Inside the Secret New Internet Browser
A startup called RockMelt on Sunday launched the beta version of an entirely new type of Web browser with an impeccable pedigree. Its primary investor is Marc Andreessen, who helped invent the very concept of Web browsing. RockMelt co-founders Eric Vishria and Tim Howes are his longtime associates at Opsware, a company he earlier founded and sold. RockMelt’s browser works differently from Internet Explorer, Firefox, and Safari. It is more than just an application on a PC or Mac. For one thing, it presumes users are on Facebook and offers a number of features to simplify the Facebook experience. Integrated with the app is an online service, or what is trendily known as a “cloud.” RockMelt also applies several techniques to update favorite sites faster and to give more thorough search results from Google. In many ways RockMelt acts like an iPad application—self-contained and self-updating, but on a PC. And like most good Internet breakthroughs these days, it’s free.
RockMelt looks like an ordinary browser, except for the little toolbars on the right and left sides. One is called the “friend edge” and is occupied by individual images of the Facebook friends the user cares about most. The other is the “app edge” and contains the websites the user visits most often—The Daily Beast, for example. When you click on a friend or a site in one of these “edges,” you are instantly presented with their latest information: The Beast’s top stories, for instance, or the latest entries on a friend’s Facebook wall. These, like so much in RockMelt, have been continuously updating in the background. When a chum updates his status, a little yellow badge in the edge alerts you.
RockMelt is a strong indication of how deeply integrated social information is becoming online. A tight connection with Facebook and Twitter gives RockMelt a number of useful characteristics. To use it, the user has to log in on Facebook, which offers entry to the entire RockMelt app and cloud service. The browser toolbar contains a little “share” button so you can easily create a tweet or a Facebook update based on the page you are visiting. In addition, anything that’s a link—an article, video, song, or whatever—can be dragged from anywhere right into a Facebook or Twitter feed or sent as a private message to a friend. And in a useful innovation, RockMelt enables the user to see more information right in a feed. On Facebook, you can click on a single photo in a feed and right there browse through an entire album. And tweets in Twitter show up as complete content—you can watch a video right in your feed. Not coincidentally, Andreessen is a board member of Facebook and participated in the very first financing round for Twitter.
A famously too-far-ahead-of-its-time cover story in Wired magazine back in 1997 was devoted to “push”—the idea that information users wanted should just automatically come to them over the Web. We’ve seen that technical approach finally take off 15 years later in mobile apps for iPhone, Android, and iPad. Now RockMelt builds push into many of its features. Aside from those real-time background updates of friends’ walls and website content, it radically improves search. Typically when I do a search now on Google or Bing, I click quickly through the links, creating a new tab for each one—so I can read one while others are downloading. RockMelt automates this process, so Google search results are much more than mere links and a few lines of text. “Today despite all the power in search, the technology remains completely serial,” said Vishria, RockMelt’s CEO. “We wanted to rethink the search experience. All the results are pre-populated behind the scenes, and it’s faster than doing it manually.”

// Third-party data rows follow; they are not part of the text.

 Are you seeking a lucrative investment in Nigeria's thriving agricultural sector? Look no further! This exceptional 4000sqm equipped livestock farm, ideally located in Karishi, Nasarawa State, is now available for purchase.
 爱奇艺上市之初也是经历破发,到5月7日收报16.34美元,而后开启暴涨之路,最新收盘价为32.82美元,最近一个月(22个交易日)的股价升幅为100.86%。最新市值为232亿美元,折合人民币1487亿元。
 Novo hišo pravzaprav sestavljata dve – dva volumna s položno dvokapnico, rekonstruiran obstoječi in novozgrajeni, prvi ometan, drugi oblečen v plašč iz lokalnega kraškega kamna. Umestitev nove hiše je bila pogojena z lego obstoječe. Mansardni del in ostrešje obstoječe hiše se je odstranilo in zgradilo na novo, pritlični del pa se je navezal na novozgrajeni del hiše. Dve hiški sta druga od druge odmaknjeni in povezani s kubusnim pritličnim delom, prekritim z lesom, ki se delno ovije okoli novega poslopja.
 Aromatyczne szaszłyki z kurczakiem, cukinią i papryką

Adding a cloud service to RockMelt means that if you use multiple computers your data travels with you. Logging in recreates your friend and site selections. At present RockMelt doesn’t work on mobile devices like cellphones or tablets, but it will eventually, said Vishria. Though he did give me a demo, I was unable to try the software, but he assured me that as a basic browser RockMelt is state-of-the-art. “The price to play in browsing is safe, fast, and stable,” he says. As for that name? It means nothing, says Vishria. It had the virtue of being available for a mere $12 a year.
Andreessen has twice before been on the cutting edge of browsing. Most important, he co-invented the first browser, called Mosaic, at the University of Illinois in 1993, then went on to co-found Netscape, based on that software. After AOL bought Netscape, he open-sourced the browser code, which eventually became the foundation for Firefox. (RockMelt is built on open-source code—the Chromium software created by Google and used for its own Chrome browser.)

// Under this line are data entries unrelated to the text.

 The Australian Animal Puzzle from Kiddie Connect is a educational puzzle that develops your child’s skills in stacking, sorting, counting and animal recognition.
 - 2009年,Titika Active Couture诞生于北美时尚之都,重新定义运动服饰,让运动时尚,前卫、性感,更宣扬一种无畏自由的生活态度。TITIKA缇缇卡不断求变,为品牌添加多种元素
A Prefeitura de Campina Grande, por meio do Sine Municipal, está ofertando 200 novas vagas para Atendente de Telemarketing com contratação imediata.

“We wanted to rethink the search experience,” said Eric Vishria, RockMelt’s CEO. “All the results are pre-populated behind the scenes, and it’s faster than doing it manually.”
When I spoke to Andreessen about RockMelt, I told him it all sounded pretty cool. But what, I asked, will keep the browsers that dominate the market today from incorporating this kind of tech? Nothing, he replied, but it doesn’t bother him. “No. 1, you build a fantastic product,” he said. “No. 2, you keep on moving. By the time others imitate this, we will be on to version three, four, and five.”